Sergio Massa’s arrival at the Ministry of Economy was full of expectations. Among them, the event brought peace to the foreign exchange sector. However, since that moment, which has already passed more than a month, the expectation of devaluation has not decreased. With the exception of the September contract, implied rates (TNA) in the Rofex from October this year to July 2023 have consistently remained above 100%. This reflects the future devaluation scenario in anticipation of the local market, which remains skeptical of the central bank’s concrete measures to strengthen international reserves. We have to wait for Minister Masa’s visit to the USA, which will take place in the next few days.

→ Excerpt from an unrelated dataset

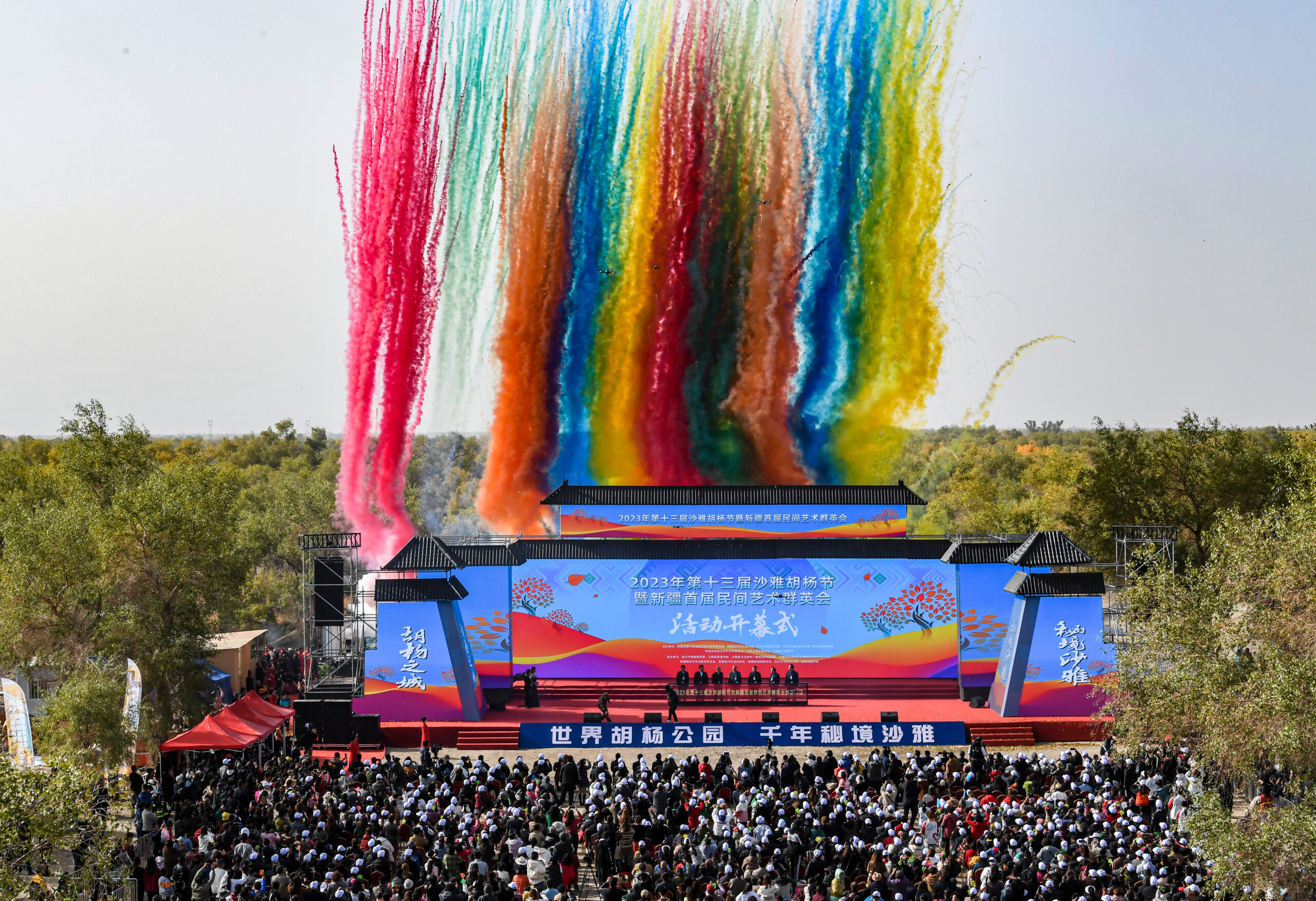 10月21日,2023年第十三届沙雅胡杨节暨新疆首届民间艺术群英会在阿克苏地区沙雅县塔里木河湿地旅游景区开幕。

Jerome Powell’s words in Jackson Hole continue to resonate in the market. While the latest inflation data was encouraging, the official ruled out easing monetary policy. Thus, global markets are once again discounting the September rate hike by 75 basis points. A “soft landing” for the economy is still out of the question, and fears of a global recession are still on the scene. After Powell’s remarks, major indexes fell between 5% and 8% and global long rates are still rising. The developing world is suffering, with the BBG Emerging Markets Index down more than 0.60%. Thus, Argentina’s debt is at the mercy of international weaknesses.